▶ [EXERCISE]
Print the entries in full, word for word, but not the pictures.

▶ [INPUT RECORDS]
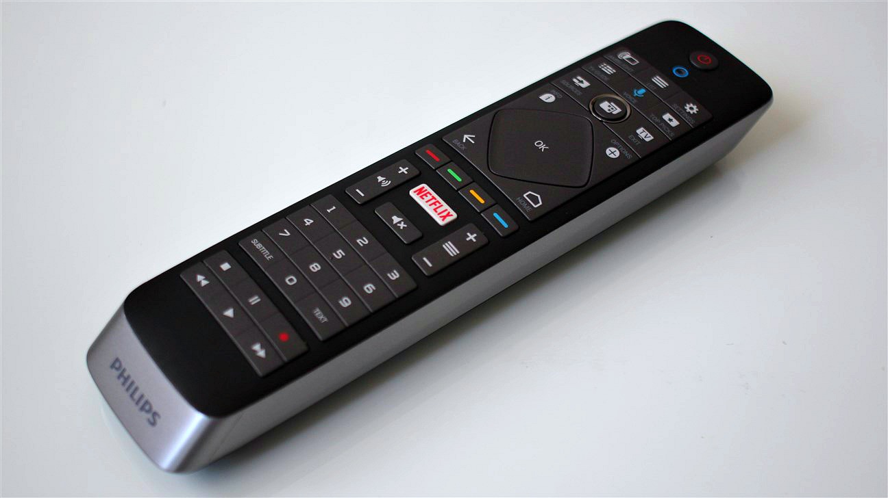 Telecomanda lui Philips 65PUS7601/12, cea pe care o primim direct din cutie, ne ajută puțin în navigarea prin funcțiile televizorului, dar nu poate face minuni. Este de dimensiuni mari și are o greutate apreciabilă. Am uita să o cântăresc, însă cu siguranță se apropie dacă nu chiar depășește 200 de grame.
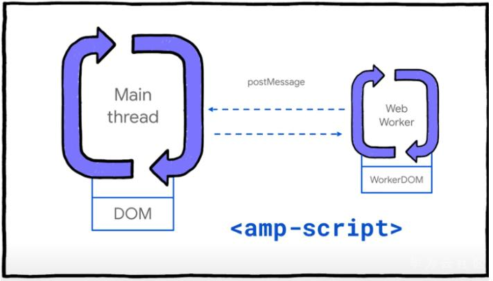 <amp-script>在2018年引入的WorkerDom,是Main thread的副本,web开发者只会修改WorkerDom,当WorkerDom修改时,会postMessage通知主Dom,同步修改实现修改真实Dom。当真实Dom修改时,也会postMessage去同步WorkerDom。<amp-script>存在开发者可以在主线程之外去操作dom。
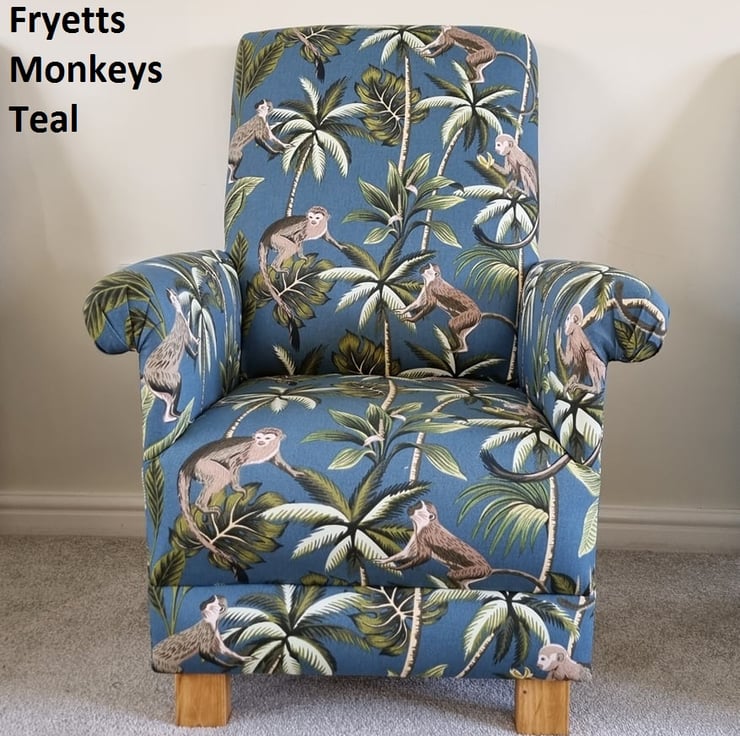 I am offering for sale, this gorgeous adult sized chair, which has been made by me, a professional upholsterer with 32 years experience, using this delightful Fryetts Monkeys Teal fabric.
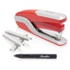 Quick Touch stapler offers powerful performance for effortless stapling that is Jam Free Guaranteed. This stapler uses a stored energy system that provides a boost of power to eliminate the need to push harder as sheet counts increase. Stapling 2 sheets or 28 sheets is equally easy. This full size, full strip stapler also features Quick Load to make refilling easier. With a push of the red button on top, the magazine ejects from the front of the stapler. Durable metal construction delivers long-lasting stapling performance and steps up the style with shiny silver accents. With a reduced effort, ergonomic design and non-slip base this model makes desktop stapling a breeze. 28 sheet stapling capacity. Jam Free Guaranteed when used with Swingline S.F. 4 Premium Staples. Red/Silver. Limited 5 year warranty.
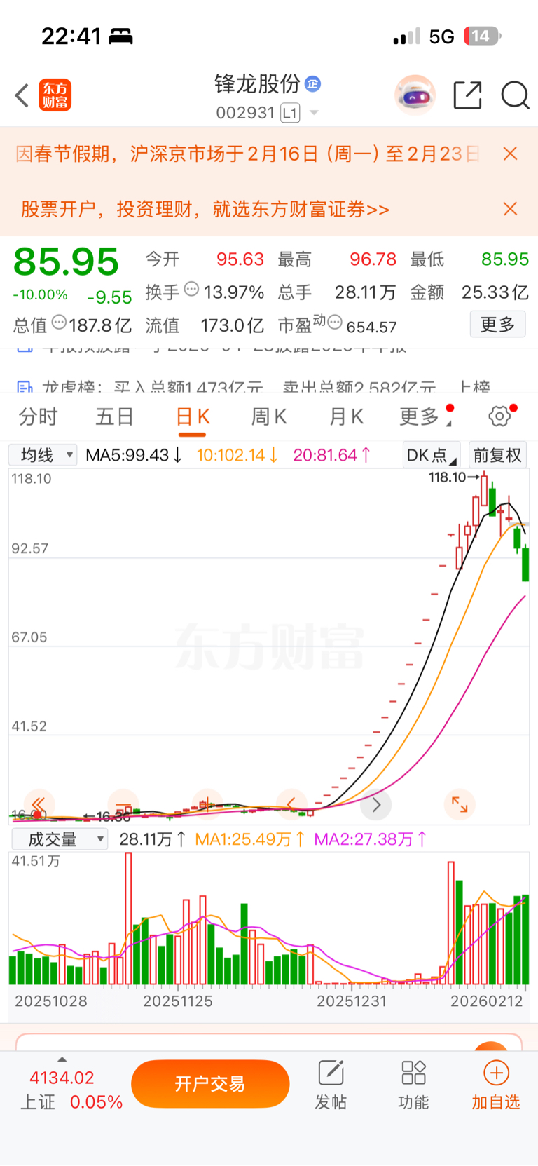 $锋龙股份(SZ002931)$ 高位爆量跌停,这个主力出货的手法太急躁了!可以说很残忍!
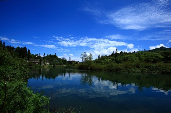 清音平湖位于清音閣旁邊,面積30萬平方米,系綠色生態(tài)湖,水質(zhì)純凈,清澈見底。四周青嶂翠巒環(huán)抱,古木參天,湖如碧玉嵌入其中,深深淺淺,點(diǎn)點(diǎn)滴滴,不知是樹映綠了湖,還是湖染綠了樹。置身于其間,只聽綠樹濃蔭處,蟬鳴聲聲,山風(fēng)陣陣,絲絲水氣洗盡凡塵,好一派山水之情,逍遙之樂。這里夏清秋涼、景美色秀,為度假避署的勝地;即使在冬季和春寒料峭的初春,這里沒有冷風(fēng)寒流相逼,仍然溫適如畫,翠色生煙。
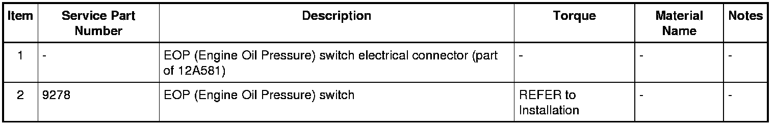 1. NOTE: Apply Thread Sealant with PTFE to the EOP (Engine Oil Pressure) switch threads prior to installation.
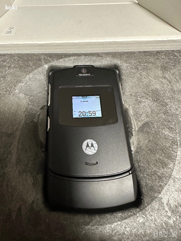 Motorola v3 като нов с абсолютно цялата окомплектовка - кутия с чисто нови слушалки, зарядно, дата кабел и аксесоари.
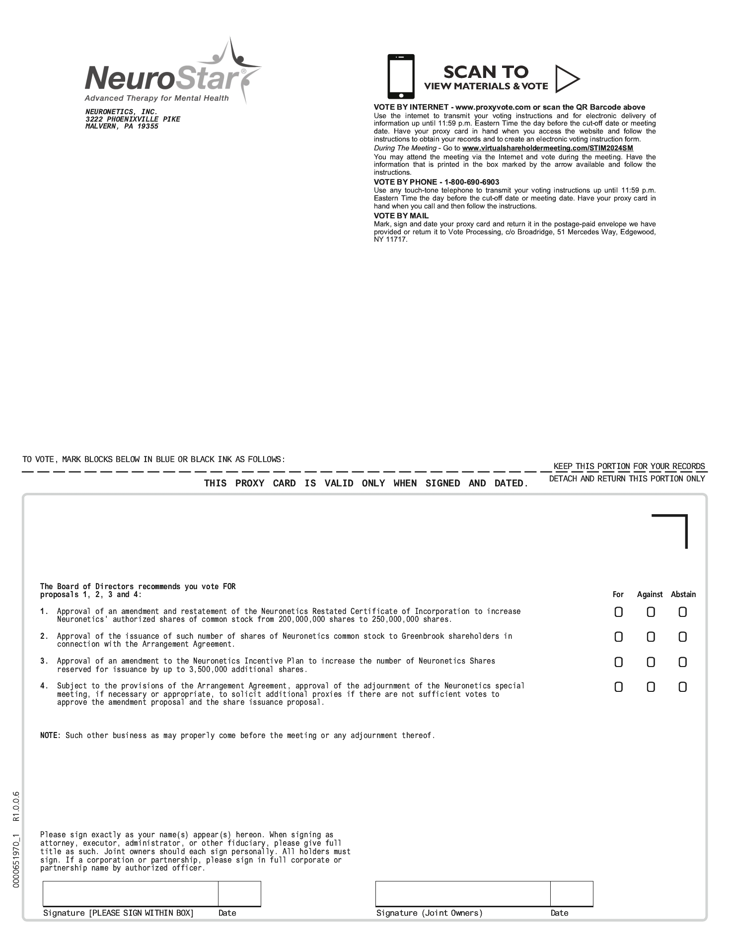YOUR VOTE IS IMPORTANT. Whether or not you expect to attend the Greenbrook Meeting or the Neuronetics Meeting virtually, please submit your vote as soon as possible. We urge you to read the enclosed materials carefully and to promptly vote by following the instructions in the enclosed materials.

▶ [PROBLEM SOLUTION]
 Telecomanda lui Philips 65PUS7601/12, cea pe care o primim direct din cutie, ne ajută puțin în navigarea prin funcțiile televizorului, dar nu poate face minuni. Este de dimensiuni mari și are o greutate apreciabilă. Am uita să o cântăresc, însă cu siguranță se apropie dacă nu chiar depășește 200 de grame.
 <amp-script>在2018年引入的WorkerDom,是Main thread的副本,web开发者只会修改WorkerDom,当WorkerDom修改时,会postMessage通知主Dom,同步修改实现修改真实Dom。当真实Dom修改时,也会postMessage去同步WorkerDom。<amp-script>存在开发者可以在主线程之外去操作dom。
 I am offering for sale, this gorgeous adult sized chair, which has been made by me, a professional upholsterer with 32 years experience, using this delightful Fryetts Monkeys Teal fabric.
 Quick Touch stapler offers powerful performance for effortless stapling that is Jam Free Guaranteed. This stapler uses a stored energy system that provides a boost of power to eliminate the need to push harder as sheet counts increase. Stapling 2 sheets or 28 sheets is equally easy. This full size, full strip stapler also features Quick Load to make refilling easier. With a push of the red button on top, the magazine ejects from the front of the stapler. Durable metal construction delivers long-lasting stapling performance and steps up the style with shiny silver accents. With a reduced effort, ergonomic design and non-slip base this model makes desktop stapling a breeze. 28 sheet stapling capacity. Jam Free Guaranteed when used with Swingline S.F. 4 Premium Staples. Red/Silver. Limited 5 year warranty.
 $锋龙股份(SZ002931)$ 高位爆量跌停,这个主力出货的手法太急躁了!可以说很残忍!
 清音平湖位于清音閣旁邊,面積30萬平方米,系綠色生態(tài)湖,水質(zhì)純凈,清澈見底。四周青嶂翠巒環(huán)抱,古木參天,湖如碧玉嵌入其中,深深淺淺,點(diǎn)點(diǎn)滴滴,不知是樹映綠了湖,還是湖染綠了樹。置身于其間,只聽綠樹濃蔭處,蟬鳴聲聲,山風(fēng)陣陣,絲絲水氣洗盡凡塵,好一派山水之情,逍遙之樂。這里夏清秋涼、景美色秀,為度假避署的勝地;即使在冬季和春寒料峭的初春,這里沒有冷風(fēng)寒流相逼,仍然溫適如畫,翠色生煙。
 1. NOTE: Apply Thread Sealant with PTFE to the EOP (Engine Oil Pressure) switch threads prior to installation.
 Motorola v3 като нов с абсолютно цялата окомплектовка - кутия с чисто нови слушалки, зарядно, дата кабел и аксесоари.
YOUR VOTE IS IMPORTANT. Whether or not you expect to attend the Greenbrook Meeting or the Neuronetics Meeting virtually, please submit your vote as soon as possible. We urge you to read the enclosed materials carefully and to promptly vote by following the instructions in the enclosed materials.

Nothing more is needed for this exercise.